Yes. We have -- when we started out with the launch of Ectosan Vet and CleanTreat, we need to start -- we need to have a starting point, and we started with having the CleanTreat part of that solution on a PSV, which is we knew was very costly. It wasn't so costly at that time, but it became more and more costly as the cost of the PSV and the systems were developing as we moved along. And it was also even if it had desired mobility so we can move it along the coast and be where the need were at the right time, it had some operational complexities. Then we went on to look at and we have developed and have available integrated models for CleanTreat in wellboats, but that was again dependent on wellboats being built at the size that we desired. Then we looked at the barge model, which took down the cost and the complexity somewhat.
The next step that we have been developing now is to take the CleanTreat part of the solution on land, which enables us to take down the cost significantly and also the complexity of how to operate the solution, both for us, but also for the farmers. Fixed land-based will enable less complex operations that will benefit us, but also the farmers and definitely a less costly solution. And as I said, we believe now that we are in a position now going forward to offer such a solution with a cost that is competitive to other sea lice delicing methods, which has been a hurdle in the -- for the solution in the initial phase of the launch of the solution.
Great. And one last question. How do you plan to strengthen the commercial efforts within Advanced Nutrition? What will that look like?

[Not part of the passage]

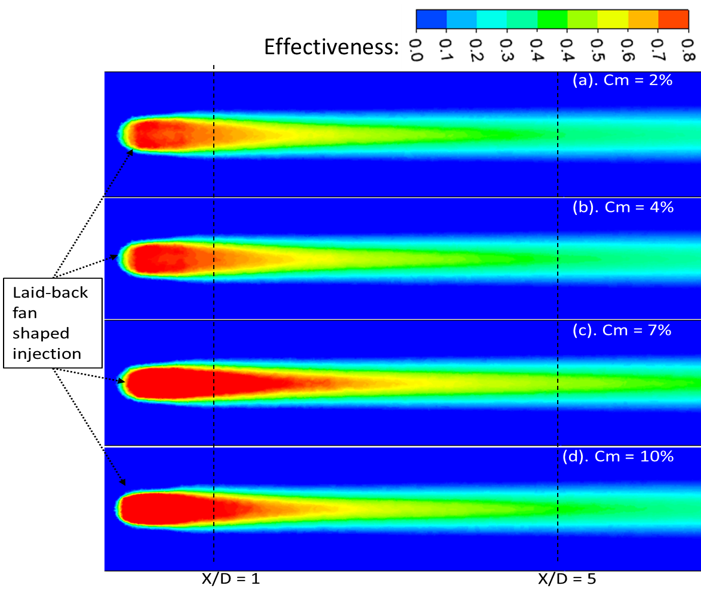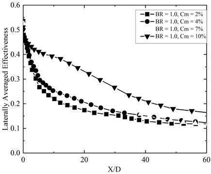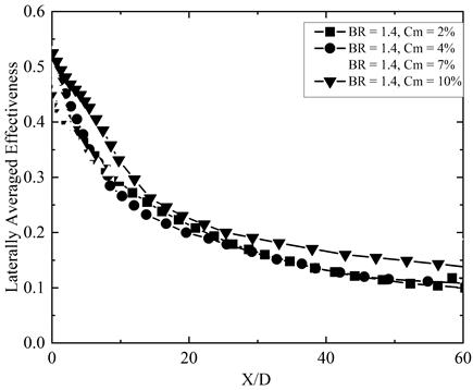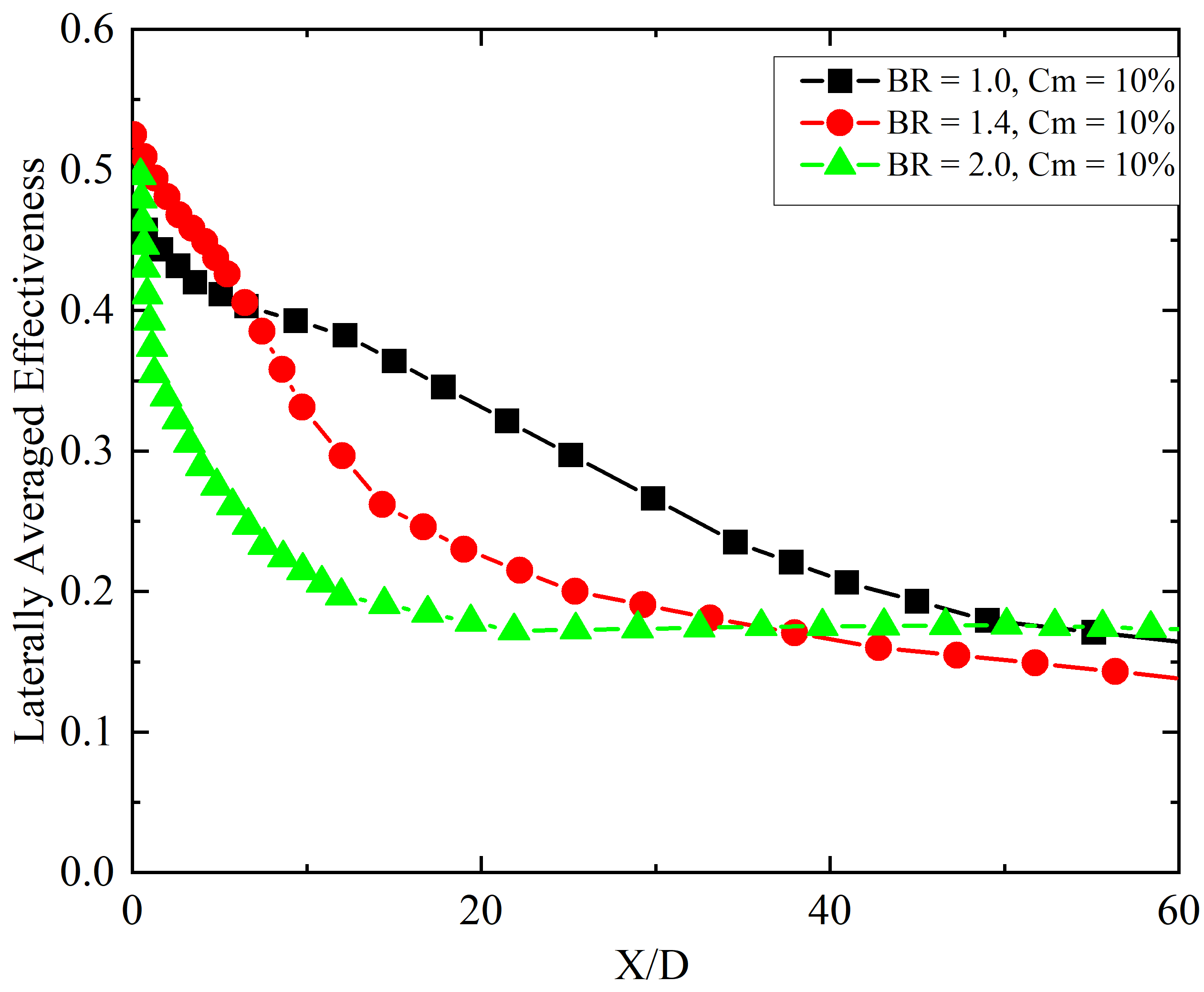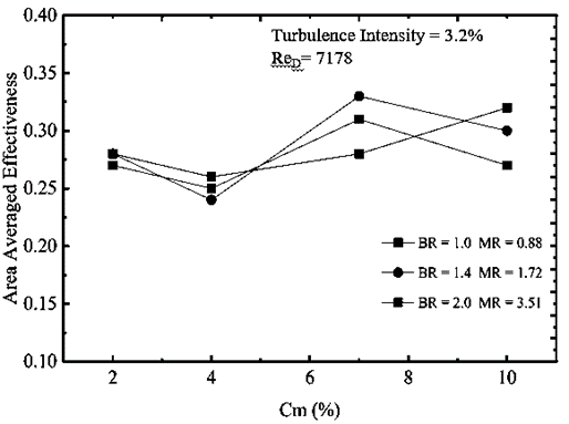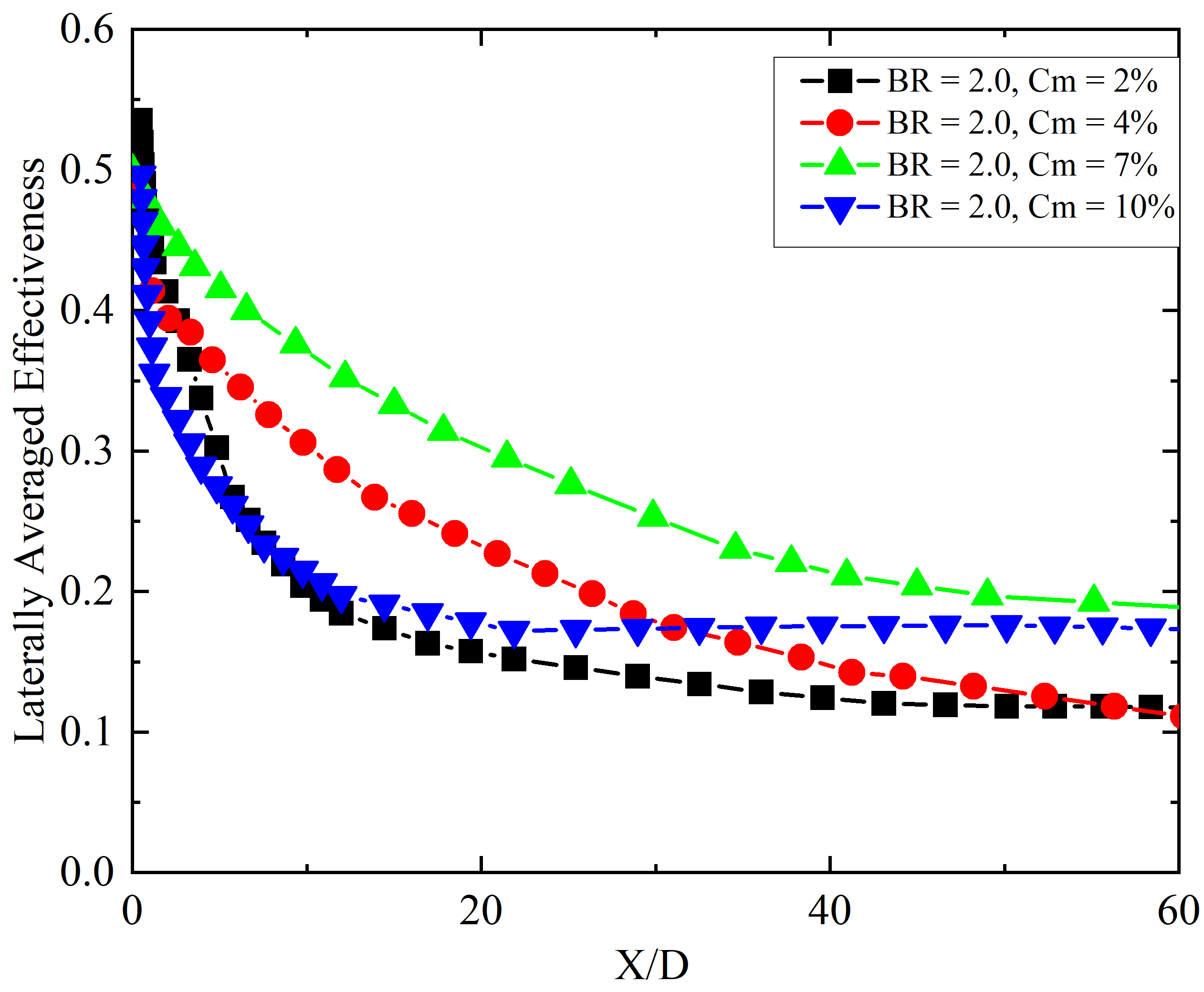 - At Cm = 7%, a BR of 1.4 achieves the highest area-averaged effectiveness, showing a 17% improvement due to the balanced momentum ensuring better film adhesion and lateral spreading.

We have been working on that, I will say, constantly for -- I think for a long time. And we have further focused on that over the last year and the last quarters. It has to do with how you do the setup, both in terms of commercial resources, combined with technical service resources. So you give the customer what they need in order to be sure that we do that. But it has also to do with the right people in the right places, and we are very, very happy with the commercial setup that we have in Advanced Nutrition at the moment. They are very, very good at what they are doing, and they are getting better and better as we are speaking. But it also has to position the right persons in the right places in order to, not only cover the [ existing ] market, but also emerging markets. And that is -- so it's a combination between those things that we have been working on, that we continue to work on. But I just want to underscore that we are very happy with the commercial setup that we have in Advanced Nutrition now. It is very good, and it's becoming better and better as we are moving forward.
Great. Thank you. That concludes the Q&A session.
Thank you, [ Carina ]. And I think that also concludes our presentation. So thank you for attending.